The implementation of soluble as well as novel imaging biomarkers may complement current clinical and imaging monitoring. However, the road map to establish a molecule as potential biomarker in a complex disease such as MS is a long one. On the other hand, it may be the only way to develop a precision medicine approach in the overall management of the disease.

Epidemiology of MS - Carlo Pozzilli

Multiple sclerosis (MS) is a major cause of neurological disability with a considerable socioeconomic burden. This presentation provides an overview of recent estimates of the worldwide prevalence and incidence rates, of changes in the distribution MS by age and sex, as well as looking at some recent advances in understanding of environmental epidemiology and the natural history of MS.
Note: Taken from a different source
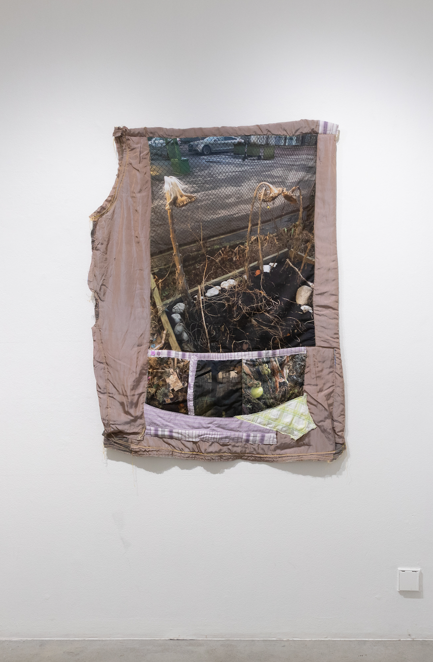 Made using a field-recording approach, the photographic imagery found with the exhibition depicts scenes of everyday life cropped from the artist’s perception. With the ability to constantly create images out of reality – allowed by the proximity of the smartphone – the notion of “a moment” becomes fragmented and a certain sense of continuity is broken, or in Guy Debord’s words: “Like lost children we live our unfinished adventures.”* Through the stitches of sewing that both separate the images and attach them together, Blosseville draws an analogy for the stigma necessary to create an image from one’s own perception via a camera lens.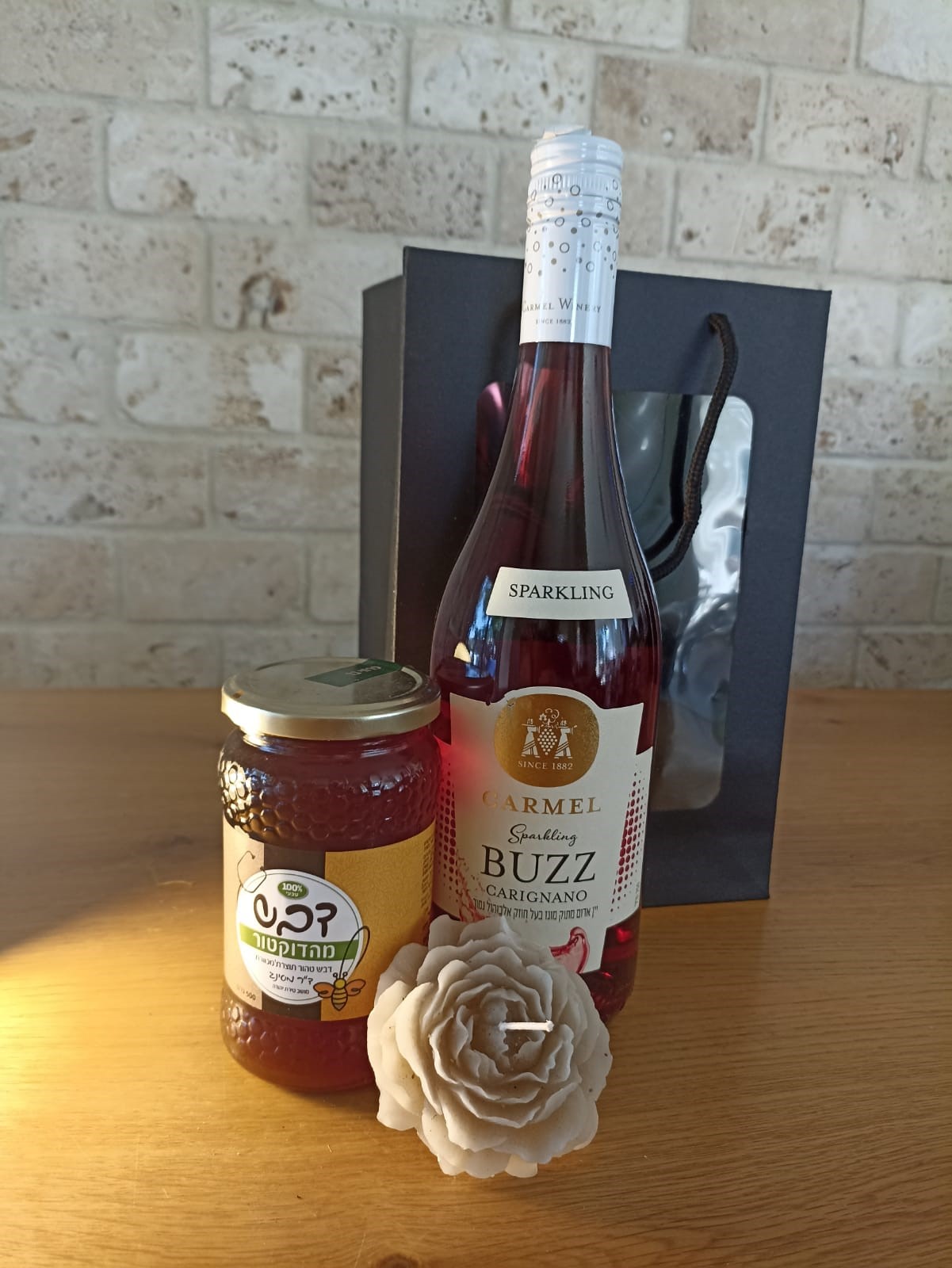 מארז צנצנת דבש 500 גר' עם בקבוק יין באזז ונר מעוצב מדונג דבורים טבעי, באריזת שקית קרטון מהודרת עם חלון

Although MS is present in all regions of the world, the incidence and prevalence is higher in some countries than in others. This is occurring in populations at high risk (such as Sardinia) and in those at low risk (such as Norway), suggesting that, whatever the causative factors of MS may be, their influence appears to increase.

In addition, an increase in the female/male ratio has been demonstrated over time in many countries around the world.

One of the most striking indicators of a potential environmental role has always been considered to be the gradient of MS prevalence with latitude.

Susceptibility to MS is complex, with evidence supporting both genetic and environmental factors, with genetic effects shaping the population risk for MS. A major supporting factor for a genetic effect is the positive family history of MS observed in 20% of all patients of European descent and estimates of MS heritability (the proportion of phenotypic variance attributable to heritable factors)range from 25 to 76%.Although epidemiological studies provide evidence of a genetic basis, the specific gene or genes remain elusive.

A large number of environmental or lifestyle factors have been identified to play a role in MS including smoking, pre-pubertal diet, childhood obesity, pollution, exposure to the Epstein-Barr virus and low exposure to sunlight (mediated through vitamin D insufficiency). A number of studies support a significant role for hypovitaminosis D as a risk factor for multiple sclerosis. Additional research is needed to conclusively prove which factors are important in increasing the risk of MS.